# Problem with Imac dual screen



## thestore (Oct 20, 2009)

Hi all, long term reader first time poster here!

I have a white Imac g5 17inch connected to a Samsung syncmaster 910mp 19inch as a dual screen extension. The problem is whatever settings I select for the Samsung it always looked pixelated and makes text in web browsers and itunes very hard to read. 

Is there any way around this or any programs that can help?

Thanks


----------



## ElDiabloConCaca (Oct 20, 2009)

That monitor is an LCD monitor (which is different from a CRT monitor, or "TV-style" monitor).  That means that the monitor has exactly one and only one resolution that is "native" to the monitor -- read that as saying, "there is one and only one resolution that looks good and does not pixelate or look fuzzy."

That "native" resolution for the Samsung monitor is 1280 x 1024.  If you choose any other resolution, you will experience pixelation and/or fuzziness, and there isn't anything you can do about it -- that's just how LCD monitors work.


----------



## thestore (Oct 20, 2009)

Hi thank you for the quick reply. When I go into the option and select the screen resolution for the Samsung the maximum choice is 1280 x 720 so I guess this is why I am getting a lack of quality. Is there any way around this?

Thanks


----------



## ElDiabloConCaca (Oct 20, 2009)

That depends on how you have your dual-monitor setup configured.  There are two dual-screen "modes" that Mac OS X supports: mirroring and extended desktop.

"Mirroring" mode puts the exact, same image on both monitors.  You'll have two docks and two menubars -- and whatever you do on one monitor is "mirrored" on the second monitor.  This is what I suspect you have it set up as right now, since in mirrored mode, both monitors are forced into the same resolution.  A typical 17" monitor (like your iMac) supports a native resolution of 1280x720, so your iMac's monitor is being "mirrored" onto the second monitor, resolution and everything.

"Extended desktop" mode treats your second monitor like an extension of your first monitor.  In this mode, you only have one menubar and one dock on one monitor, and the second monitor is simply an extension of the first.  You can open a window on the first monitor, then drag it across to the second monitor -- like having one, large monitor instead of two independent monitors.  In this situation, each monitor can have independent resolutions.

Check to ensure that you're using "Extended desktop" mode instead of mirroring.

This Apple support article is quite dated, but still applies (although the configuration options may be slightly different due to the age of this support article):

http://support.apple.com/kb/TA26959?viewlocale=en_US


----------



## thestore (Oct 20, 2009)

Hi there. I am using extended mode as that's how I need my dualscreen set up.

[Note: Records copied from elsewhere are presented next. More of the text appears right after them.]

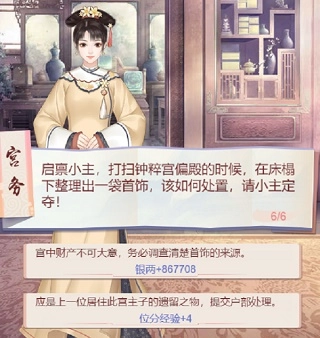 每日都能完成若干宫务任务,可处理的宫务次数会随时间自动恢复。宫务任务里设有不同选项,既有随机出现的资源类选项,也有固定的位分经验选项,小主们可依据自身需求灵活选择。若使用宫务令,能立即恢复一次处理宫务的机会,该道具可通过慎刑司玩法获取。
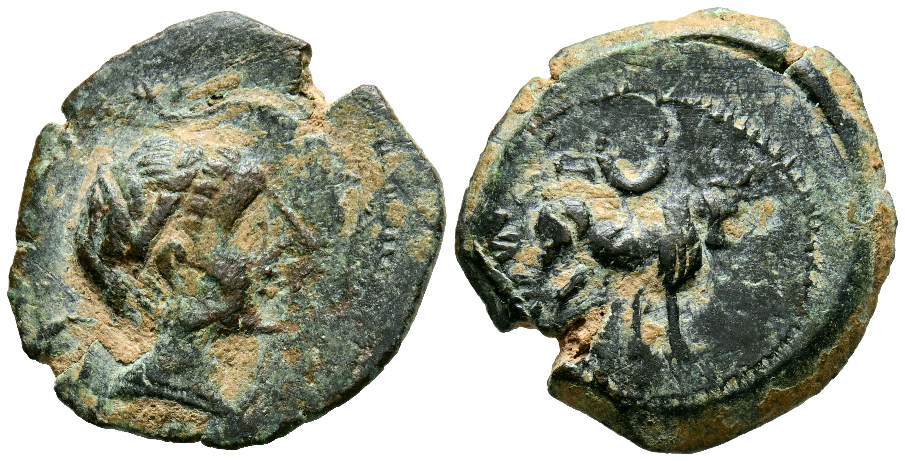 CASTULO (Cazorla, Jaén). Semis. (Ae. 4,62g/20mm). 180 a.C. (FAB-722). Anv: Cabeza masculina diademada a derecha, delante letra ibérica: Ca. Rev: Toro a derecha, encima letra L y creciente, en exergo leyenda ibérica: CaSTeLe. MBC-.
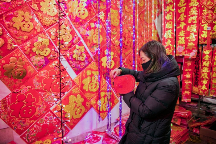 在北京,各大商超的入口被红火的节庆商品装点一新。记者来到物美超市双井店,看到这里的年货饰品区挂满红对联、中国结、红灯笼等,水果区的草莓、猕猴桃等进口水果种类丰富,洋溢着新春气氛。

I can set the resolution separately for each display but as I mentioned before the maximum I can pick for the samsung is 1280 x 720. Any thoughts?

Thanks


----------



## ElDiabloConCaca (Oct 20, 2009)

Strange.  Are you using any kind of VGA-to-DVI adapters or anything with that monitor?

If you open the "Displays" pane of the System Preferences and click "Detect Displays," does that help with the problem?


----------



## thestore (Oct 20, 2009)

Hi I've treid detect displays nothing happens. I am using the mini dvi conveter then connected via yellow video out cable into the yellow video in connection on the panel. Is there a better way of connecting it?


----------



## ElDiabloConCaca (Oct 20, 2009)

Yes, there is a much better way of connecting it.  The way you have it connected now will always produce a fuzzy and off-color picture, since you're using a rather low-grade analog connection.  That's also why your resolution is "stuck" at a certain resolution.

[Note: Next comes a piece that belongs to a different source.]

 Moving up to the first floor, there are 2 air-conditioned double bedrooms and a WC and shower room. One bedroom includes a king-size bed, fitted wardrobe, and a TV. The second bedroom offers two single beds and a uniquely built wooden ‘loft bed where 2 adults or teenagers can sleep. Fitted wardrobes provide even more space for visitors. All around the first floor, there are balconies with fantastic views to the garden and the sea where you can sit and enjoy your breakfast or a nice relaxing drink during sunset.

Ideally you would use a miniDVI-to-DVI converter to hook the monitor up.  Basically what you want to do is use the DVI input on the monitor, not the analog video component input.

In researching your problem, though, I have found that all iMac G5 computers only support "mirroring" mode, so I'm curious as to how yours is doing "Extended Desktop" mode.  Have you installed some kind of hack in order to get that to work?

I've also found that the iMac G5 17" computers only have mini-VGA ports, not mini-DVI.  Are you sure that yours is mini-DVI?


----------